=== About this task ===
From the line with "De dialyzezaal heeft" to the line with "Flur / corridor 1", retype every line exactly, including those two, and leave out the rest of the data below.

=== Working data ===
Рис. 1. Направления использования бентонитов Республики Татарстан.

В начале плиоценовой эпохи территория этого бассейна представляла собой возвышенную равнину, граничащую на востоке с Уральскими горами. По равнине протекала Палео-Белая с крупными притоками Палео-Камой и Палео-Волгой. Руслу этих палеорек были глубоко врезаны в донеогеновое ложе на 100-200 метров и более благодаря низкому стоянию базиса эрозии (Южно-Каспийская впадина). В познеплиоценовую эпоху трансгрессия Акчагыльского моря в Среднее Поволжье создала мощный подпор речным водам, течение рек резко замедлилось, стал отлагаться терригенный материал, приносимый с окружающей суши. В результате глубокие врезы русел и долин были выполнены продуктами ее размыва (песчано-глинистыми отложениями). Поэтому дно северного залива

==

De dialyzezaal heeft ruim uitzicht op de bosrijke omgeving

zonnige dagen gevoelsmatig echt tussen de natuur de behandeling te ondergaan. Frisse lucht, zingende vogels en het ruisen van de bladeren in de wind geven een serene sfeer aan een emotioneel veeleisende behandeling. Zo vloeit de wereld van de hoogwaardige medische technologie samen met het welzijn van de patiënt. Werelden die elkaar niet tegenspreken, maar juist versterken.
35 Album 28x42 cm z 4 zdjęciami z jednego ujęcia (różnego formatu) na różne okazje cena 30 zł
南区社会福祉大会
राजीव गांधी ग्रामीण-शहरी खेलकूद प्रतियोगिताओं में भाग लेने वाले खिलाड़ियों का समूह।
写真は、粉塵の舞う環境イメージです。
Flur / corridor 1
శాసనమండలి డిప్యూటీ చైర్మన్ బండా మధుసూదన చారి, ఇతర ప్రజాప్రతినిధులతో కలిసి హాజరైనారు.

=== Result of the task ===
De dialyzezaal heeft ruim uitzicht op de bosrijke omgeving

zonnige dagen gevoelsmatig echt tussen de natuur de behandeling te ondergaan. Frisse lucht, zingende vogels en het ruisen van de bladeren in de wind geven een serene sfeer aan een emotioneel veeleisende behandeling. Zo vloeit de wereld van de hoogwaardige medische technologie samen met het welzijn van de patiënt. Werelden die elkaar niet tegenspreken, maar juist versterken.
35 Album 28x42 cm z 4 zdjęciami z jednego ujęcia (różnego formatu) na różne okazje cena 30 zł
南区社会福祉大会
राजीव गांधी ग्रामीण-शहरी खेलकूद प्रतियोगिताओं में भाग लेने वाले खिलाड़ियों का समूह।
写真は、粉塵の舞う環境イメージです。
Flur / corridor 1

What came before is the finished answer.